Data supplied:
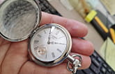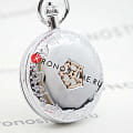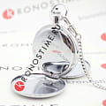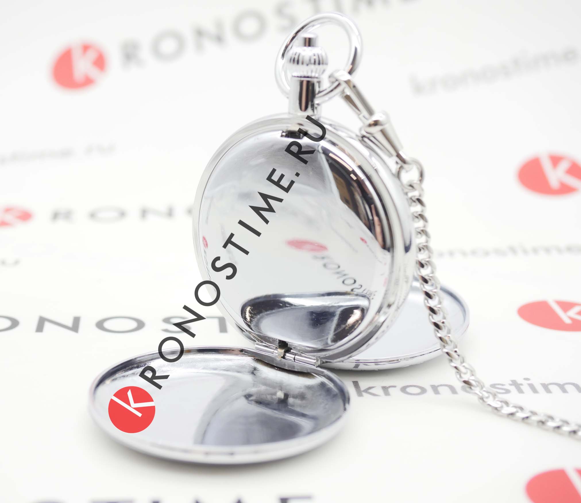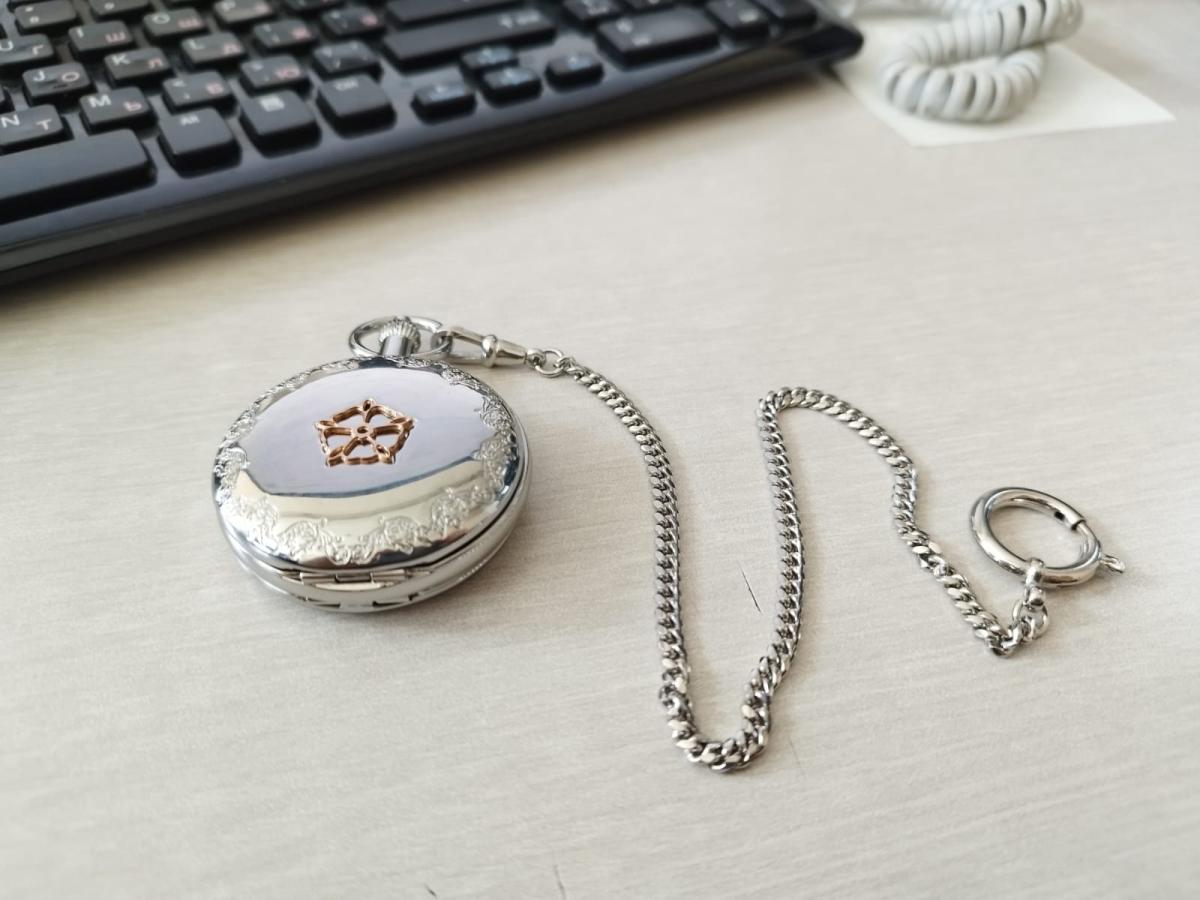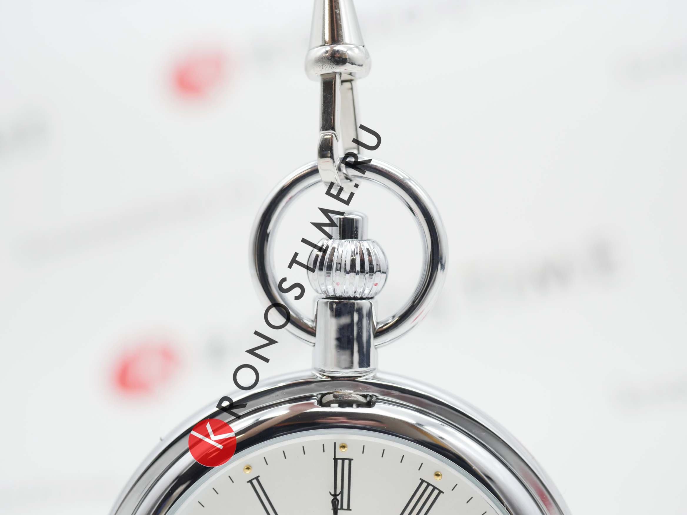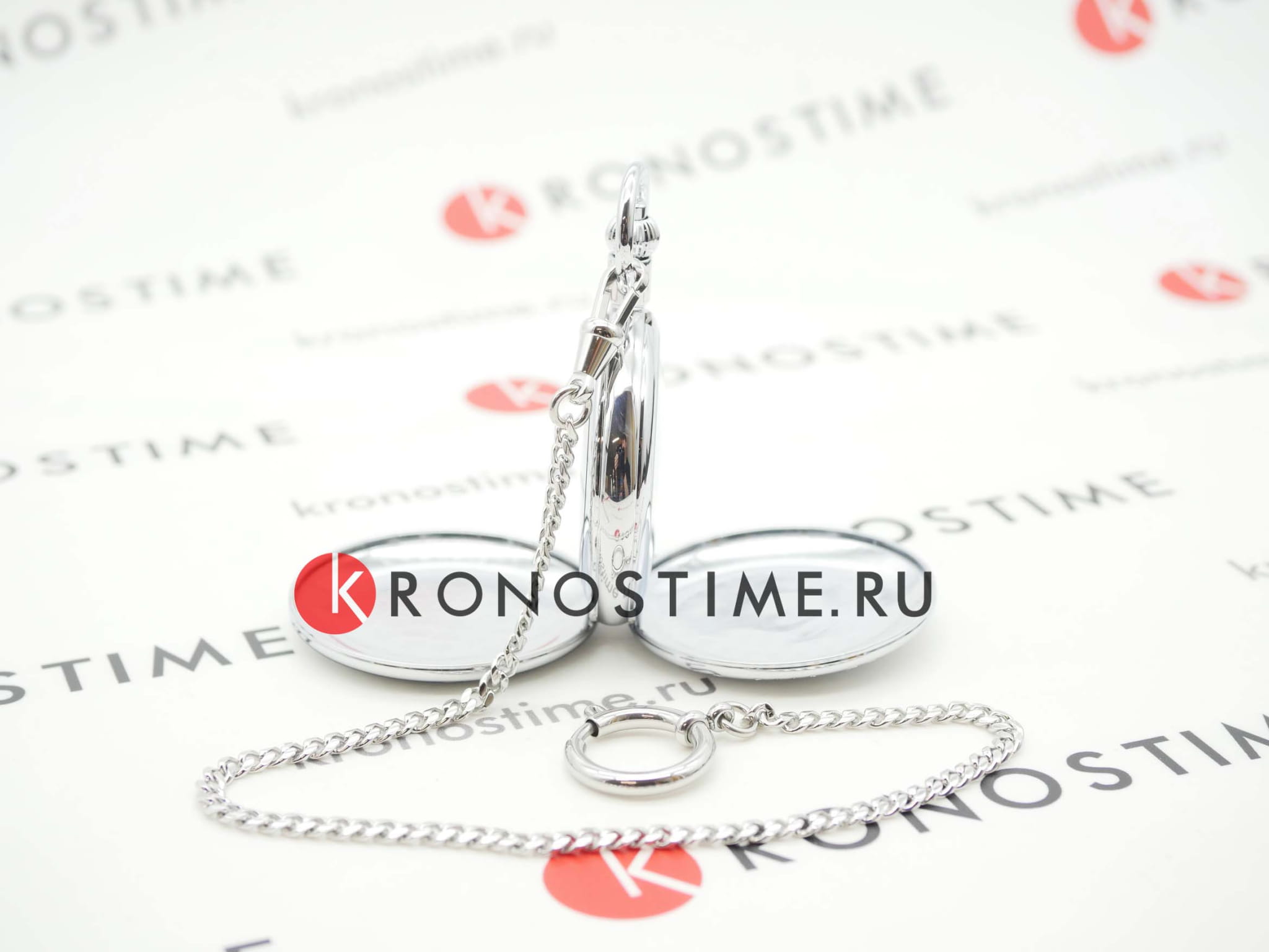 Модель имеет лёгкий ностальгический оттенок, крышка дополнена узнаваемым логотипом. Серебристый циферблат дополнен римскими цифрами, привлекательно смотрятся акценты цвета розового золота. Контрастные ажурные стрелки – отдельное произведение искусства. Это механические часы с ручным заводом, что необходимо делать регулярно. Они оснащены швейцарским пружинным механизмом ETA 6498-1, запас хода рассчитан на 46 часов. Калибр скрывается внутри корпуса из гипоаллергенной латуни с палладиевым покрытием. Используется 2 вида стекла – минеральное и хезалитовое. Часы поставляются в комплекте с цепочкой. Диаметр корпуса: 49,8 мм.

==

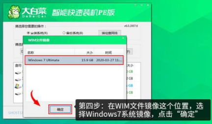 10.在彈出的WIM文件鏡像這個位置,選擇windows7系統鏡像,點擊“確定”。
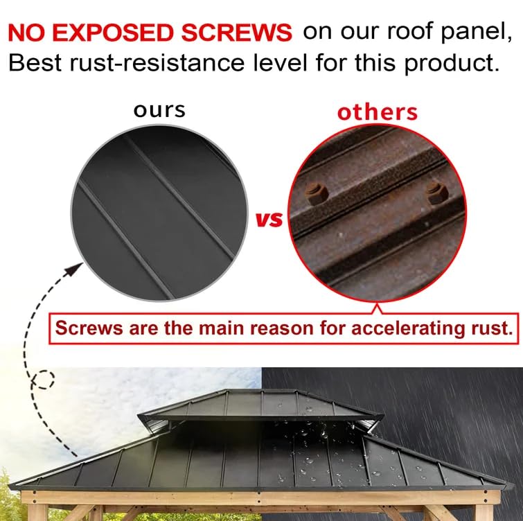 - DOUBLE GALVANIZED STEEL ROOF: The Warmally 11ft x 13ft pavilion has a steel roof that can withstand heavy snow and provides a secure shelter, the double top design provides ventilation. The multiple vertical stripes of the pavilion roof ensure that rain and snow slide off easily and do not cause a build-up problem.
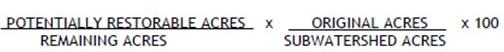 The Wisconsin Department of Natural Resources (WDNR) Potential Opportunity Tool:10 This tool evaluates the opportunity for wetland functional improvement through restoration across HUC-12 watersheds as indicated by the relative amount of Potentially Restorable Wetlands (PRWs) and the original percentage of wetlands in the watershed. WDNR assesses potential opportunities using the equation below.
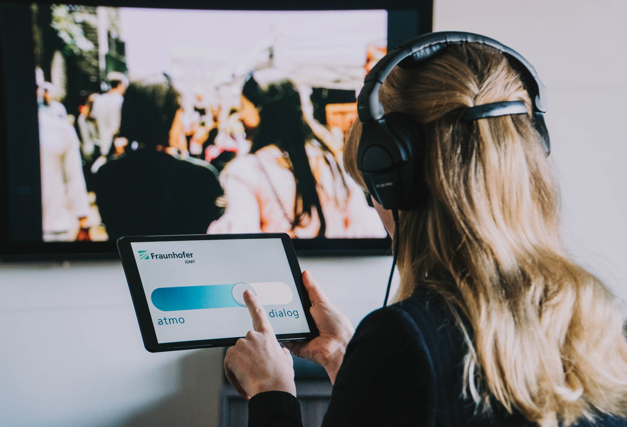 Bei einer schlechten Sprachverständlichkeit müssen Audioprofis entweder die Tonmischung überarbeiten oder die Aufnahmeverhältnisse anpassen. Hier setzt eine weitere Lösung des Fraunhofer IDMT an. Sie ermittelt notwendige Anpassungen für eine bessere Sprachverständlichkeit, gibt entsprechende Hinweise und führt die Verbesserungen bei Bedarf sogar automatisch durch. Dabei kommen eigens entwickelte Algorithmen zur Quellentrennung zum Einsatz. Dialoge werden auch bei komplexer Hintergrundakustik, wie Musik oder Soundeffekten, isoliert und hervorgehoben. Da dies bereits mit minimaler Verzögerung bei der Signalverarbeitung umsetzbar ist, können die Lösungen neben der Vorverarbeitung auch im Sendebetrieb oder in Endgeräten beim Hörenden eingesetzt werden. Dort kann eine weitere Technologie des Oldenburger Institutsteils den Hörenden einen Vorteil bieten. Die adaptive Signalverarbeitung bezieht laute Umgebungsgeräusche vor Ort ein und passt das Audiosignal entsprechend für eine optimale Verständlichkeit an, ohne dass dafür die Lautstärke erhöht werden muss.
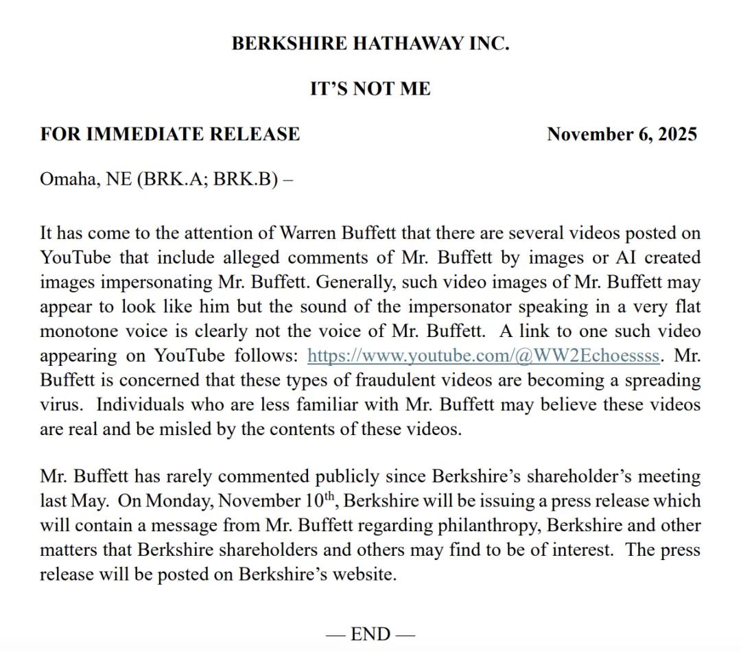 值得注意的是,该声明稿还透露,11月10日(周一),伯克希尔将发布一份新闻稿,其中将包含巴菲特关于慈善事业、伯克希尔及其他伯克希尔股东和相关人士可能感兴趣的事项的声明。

---

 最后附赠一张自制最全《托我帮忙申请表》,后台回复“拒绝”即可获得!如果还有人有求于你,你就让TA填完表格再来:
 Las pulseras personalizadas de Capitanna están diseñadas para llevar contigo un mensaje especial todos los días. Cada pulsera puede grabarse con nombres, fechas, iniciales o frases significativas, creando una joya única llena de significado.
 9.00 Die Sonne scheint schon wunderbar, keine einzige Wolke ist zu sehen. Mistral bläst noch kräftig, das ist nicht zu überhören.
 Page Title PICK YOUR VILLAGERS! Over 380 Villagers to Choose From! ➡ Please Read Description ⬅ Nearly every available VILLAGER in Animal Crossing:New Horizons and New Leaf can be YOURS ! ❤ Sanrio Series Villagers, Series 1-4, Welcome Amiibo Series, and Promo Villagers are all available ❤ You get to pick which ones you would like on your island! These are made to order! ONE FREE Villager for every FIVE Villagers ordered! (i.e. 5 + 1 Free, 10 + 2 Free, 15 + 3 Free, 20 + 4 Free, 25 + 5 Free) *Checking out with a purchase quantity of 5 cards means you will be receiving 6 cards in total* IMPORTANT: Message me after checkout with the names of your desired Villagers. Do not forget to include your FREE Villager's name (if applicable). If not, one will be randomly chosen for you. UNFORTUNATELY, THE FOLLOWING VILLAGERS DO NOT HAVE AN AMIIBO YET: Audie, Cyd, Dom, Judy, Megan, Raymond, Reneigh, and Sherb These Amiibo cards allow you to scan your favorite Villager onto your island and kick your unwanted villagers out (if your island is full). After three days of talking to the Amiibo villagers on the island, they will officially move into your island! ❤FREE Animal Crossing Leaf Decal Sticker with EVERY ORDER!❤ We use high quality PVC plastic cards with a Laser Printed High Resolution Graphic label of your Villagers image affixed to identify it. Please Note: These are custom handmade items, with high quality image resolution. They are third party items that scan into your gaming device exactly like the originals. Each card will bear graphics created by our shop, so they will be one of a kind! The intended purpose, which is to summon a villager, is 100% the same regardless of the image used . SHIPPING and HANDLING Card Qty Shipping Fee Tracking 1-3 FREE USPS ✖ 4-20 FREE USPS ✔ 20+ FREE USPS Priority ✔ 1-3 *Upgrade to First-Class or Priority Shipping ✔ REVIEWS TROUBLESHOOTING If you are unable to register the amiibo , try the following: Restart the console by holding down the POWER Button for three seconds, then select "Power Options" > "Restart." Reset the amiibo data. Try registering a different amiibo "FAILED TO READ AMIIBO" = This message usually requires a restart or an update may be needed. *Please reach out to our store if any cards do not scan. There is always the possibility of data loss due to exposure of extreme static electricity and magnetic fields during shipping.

Brief: Write back word for word every line in the entries above from the one with "Bei einer schlechten" to the one with "值得注意的是,该声明稿还透露", ends included, and none of the pictures.

Output below:
 Bei einer schlechten Sprachverständlichkeit müssen Audioprofis entweder die Tonmischung überarbeiten oder die Aufnahmeverhältnisse anpassen. Hier setzt eine weitere Lösung des Fraunhofer IDMT an. Sie ermittelt notwendige Anpassungen für eine bessere Sprachverständlichkeit, gibt entsprechende Hinweise und führt die Verbesserungen bei Bedarf sogar automatisch durch. Dabei kommen eigens entwickelte Algorithmen zur Quellentrennung zum Einsatz. Dialoge werden auch bei komplexer Hintergrundakustik, wie Musik oder Soundeffekten, isoliert und hervorgehoben. Da dies bereits mit minimaler Verzögerung bei der Signalverarbeitung umsetzbar ist, können die Lösungen neben der Vorverarbeitung auch im Sendebetrieb oder in Endgeräten beim Hörenden eingesetzt werden. Dort kann eine weitere Technologie des Oldenburger Institutsteils den Hörenden einen Vorteil bieten. Die adaptive Signalverarbeitung bezieht laute Umgebungsgeräusche vor Ort ein und passt das Audiosignal entsprechend für eine optimale Verständlichkeit an, ohne dass dafür die Lautstärke erhöht werden muss.
 值得注意的是,该声明稿还透露,11月10日(周一),伯克希尔将发布一份新闻稿,其中将包含巴菲特关于慈善事业、伯克希尔及其他伯克希尔股东和相关人士可能感兴趣的事项的声明。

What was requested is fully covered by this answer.